Virtual threads did not make Java code execute any faster compared to running the same code on regular Java platform threads in the Liberty thread pool for a CPU-intensive application on a small number of CPUs (a typical use case for Liberty).
Test Case 2: Ramp-up time
Objective: Quantify how quickly virtual threads get to full throughput compared to Liberty’s thread pool.
Findings: When a heavy load is suddenly applied, apps running on virtual threads reach maximum throughput significantly faster than when running on Liberty’s thread pool.
The simple model of virtual thread usage is that every task gets its own (virtual) thread to run on, so our Liberty virtual threads prototype launched a new virtual thread to execute each task received from the load driver. Thus, with virtual threads, every task immediately has a thread to run on, while with Liberty’s thread pool, a task might have to wait for a thread to become available.

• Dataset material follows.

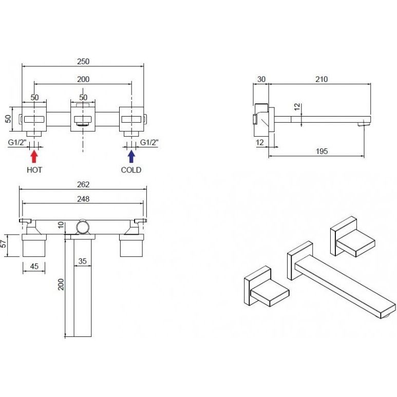 Отверстия для монтажа: 3 отверстия

To adequately test this scenario, we needed to run our online banking application with a long enough response latency to cause several thousand simultaneous transactions to saturate the CPU. This workload required thousands of threads to handle the transactions, either per-transaction virtual threads or traditional Java platform threads in Liberty’s thread pool.
Handling thousands of threads in Liberty’s thread pool
We found that Liberty’s thread pool ran fine with a few thousand threads. Because of the commentary in various virtual thread discussions about the issues with using many platform threads, we were on the lookout for signs of trouble in Liberty’s thread pool. For example, it may become unstable when handling a few thousand threads or show other signs of a "too many threads" issue. We did not see problems of that sort.
On the contrary, we found that throughput was actually slightly faster (2-3%) with Liberty’s thread pool than with virtual threads. CPU usage was about 10% less with Liberty’s thread pool, and transactions per CPU utilization were 12-15% higher for Liberty’s thread pool (mostly due to the design of the autonomic controls determining Liberty's thread pool size). The Liberty thread pool autonomics allow the pool to grow to thousands of threads if required by the workload while maintaining stable operation.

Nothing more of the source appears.